This dataset explores how the chemical composition of white wine relates to consumer-perceived quality. It includes instrumental measurements of 89 German white wines, linking them to crowd-sourced ratings from the Vivino platform. Wines were analyzed using:
- GC-MS (Gas Chromatography–Mass Spectrometry) for volatile organic compounds (VOCs)

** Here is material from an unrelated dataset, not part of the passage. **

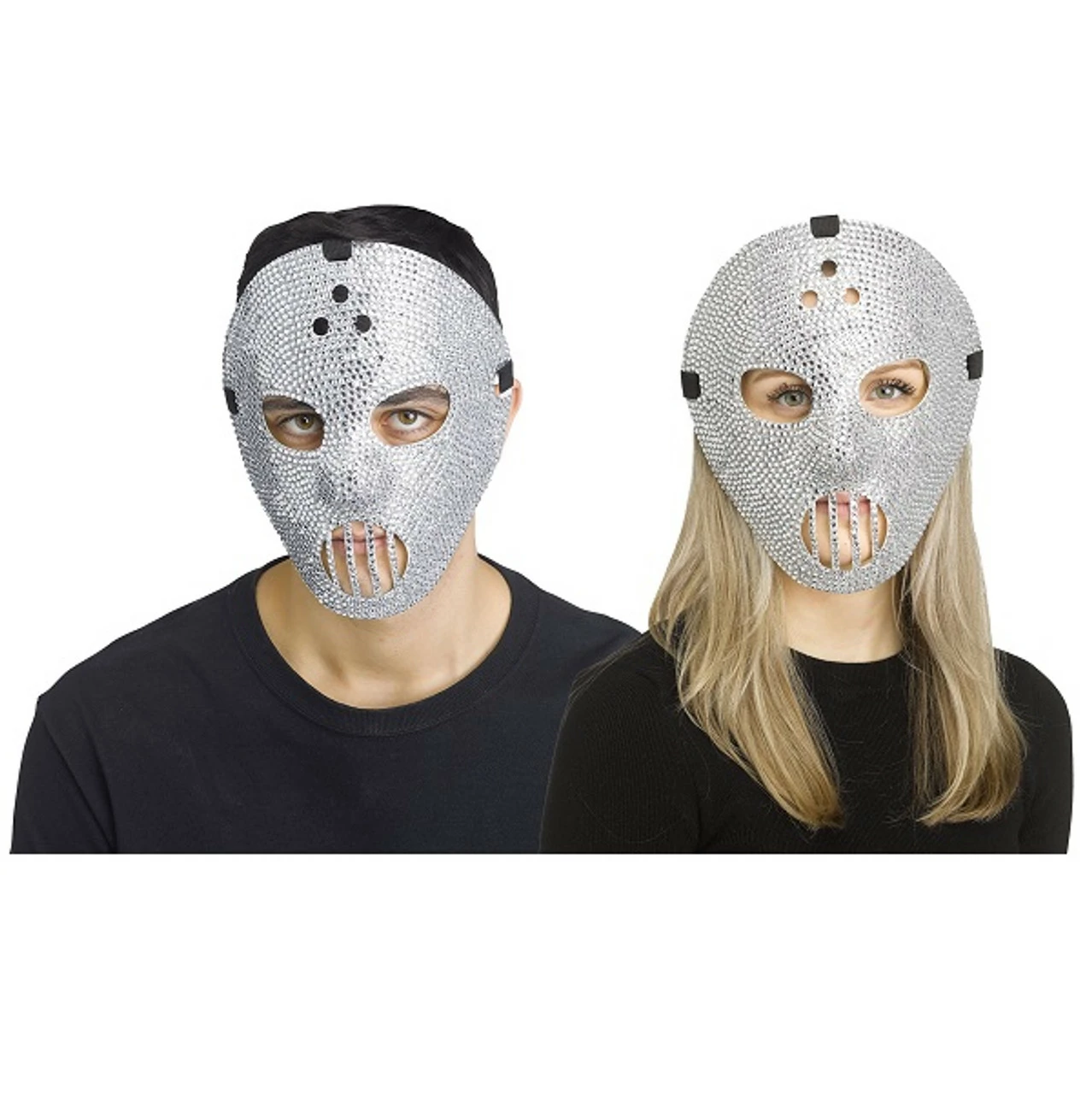 Glam up your gore maker costume with this Rhinestone Hockey Mask! This plastic mask features a classic hockey mask design with a rhinestone finish. One size fits most adults and older teens.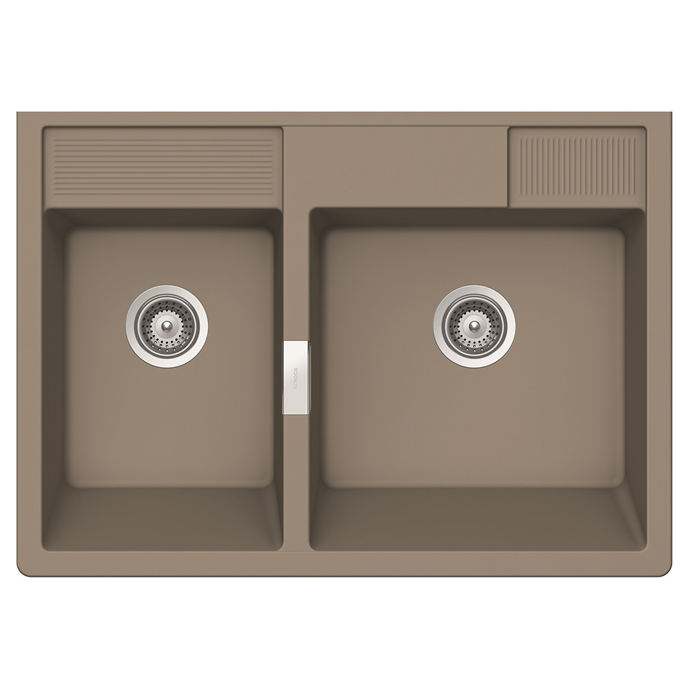 Pomivalno korito SCHOCK Kallio M-175 je mogočno in trpežno pomivalno korito, na voljo je v tej taupe barvi Twilight, dobavljivo pa je še v treh drugih barvah CRISTADUR® GreenLine. Je nasadno pomivalno korito, kar pomeni, da se vgradi kot zgornji element kuhinjske omarice namesto pulta. Korito se zelo domače počuti v rustikalnih in domačih kuhinjah in zelo lepo se mu poda kuhinjska armatura SCHOCK Resi.

- FT-IR (Fourier-Transform Infrared Spectroscopy) for physicochemical parameters
After data preprocessing, mid-level data fusion was applied to combine the two analytical platforms. A Partial Least Squares (PLS) regression model was then trained to predict Vivino ratings based on the fused chemical dataset.
| Component | Details |
|---|---|
| Number of wine samples | 89 (64 used in prediction model) |
| GC-MS variables (VOC features) | 145 |
| FT-IR variables | 18 |
| Fused data matrix size | 89 samples × 163 variables |
| Vivino rating range | 3.1 – 4.2 (on a 1–5 scale) |
| PLS model performance | R² = 0.98 (calibration), Q² = 0.74 (CV), RMSECV = 0.09 |
Key predictive compounds include esters, terpenoids, and reducing sugar. This is one of the first studies to link analytical wine chemistry to consumer quality perception via crowd-sourced data.